Newtral
Por qué consultar a la militancia y qué esperar de ello
Siguiente

Por qué consultar a la militancia y qué esperar de ello

¿Las consultas favorecen la democracia interna o son herramientas de reafirmación del aparato del partido? Preguntamos a los expertos sobre el valor y las implicaciones de estos procesos 



Tras los comicios del 10 de noviembre, PSOE, Podemos, Izquierda Unida y Esquerra Republicana han organizado consultas a su militancia para definir su postura en los acuerdos postelectorales: los tres primeros sobre la alianza para un Ejecutivo de coalición y el partido catalán para definir su postura en una hipotética investidura de Sánchez. 

Las diferencias entre los dos grupos van más allá de los contenidos. También se diferencian en los tiempos y la capacidad de movilización. Los dirigentes de Unidas Podemos y los socialistas preguntaron a sus bases una vez habían firmado el preacuerdo, mientras que ERC lo hizo como paso previo a definir una postura en la elección de presidente del Gobierno.

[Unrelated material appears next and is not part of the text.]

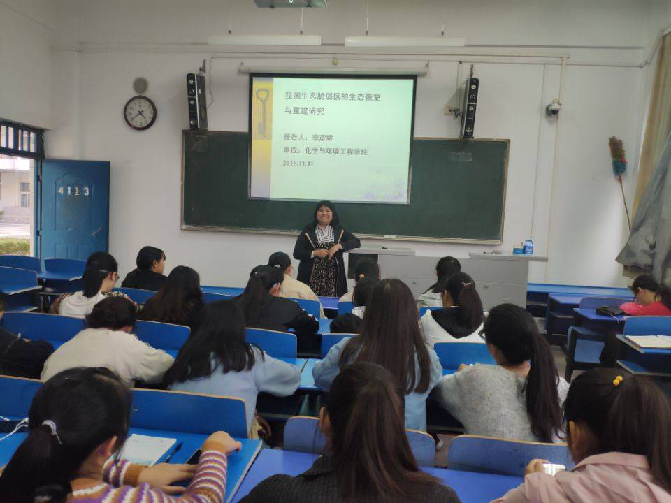 随后,李彦娇老师进行了另一个主题的学术报告。李彦娇老师首先进行了精彩的自我介绍,李老师风趣的语言与丰富的考察经验获得了同学们的阵阵掌声。紧接着李彦娇老师向同学们讲述了我国生态脆弱区的类型、生态脆弱区的普遍特征、山地退化生态系统的恢复与重建三个方面的知识。同学们认真聆听,积极响应。最后,同学们以热烈的掌声感谢佟伟霜与李彦娇博士进行本次学术报告,并欢送两位老师离场。报告会在同学们的热烈掌声中画上了圆满的句号。

¿Qué valor tienen las consultas? 

La politóloga y profesora de la Universidad Carlos III Sílvia Claveria señala el 2012, año posterior al inicio de las movilizaciones del 15-M, como punto de inflexión en la celebración de consultas internas. Tras estas protestas, se incorporaron al panorama político formaciones que trajeron consigo una exigencia de mayor transparencia y menor jerarquización en los partidos que tuvo un efecto de arrastre en algunas organizaciones ya existentes: “A partir de la crisis de representación que hubo en 2012, los partidos intentan incorporar nuevas medidas relacionadas con mecanismos de democracia interna para tener una mejor imagen y acercarse más a sus militantes y a la población”. Clavería considera que, con esta iniciativa, los partidos “han mejorado mucho” a la hora de “representar los intereses de sus bases” y estar “mucho más informados”. 

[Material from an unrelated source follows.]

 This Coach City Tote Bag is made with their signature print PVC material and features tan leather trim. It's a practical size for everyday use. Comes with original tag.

Coincide en ello el politólogo e investigador del CSIC Pepe Fernández-Albertos que, sin embargo, amplía los objetivos que las formaciones persiguen con las consultas: “No buscan solo saber en abstracto cuál es la opinión de los militantes o los simpatizantes sobre un tema, sino también obligar a los partidos a los acuerdos a los que lleguen o las decisiones que tomen estén, de alguna forma, validadas por su base social”. Añade, además, como meta la movilización e implicación de las bases en la toma de decisiones.

¿Corren riesgo las direcciones?

El último factor al que apunta Fernández-Albertos genera de forma indirecta otra pregunta: si las direcciones de los partidos corren, en la práctica, algún riesgo con la convocatoria de estos referéndums internos. En este punto, discrepan los dos expertos consultados por Newtral.es. 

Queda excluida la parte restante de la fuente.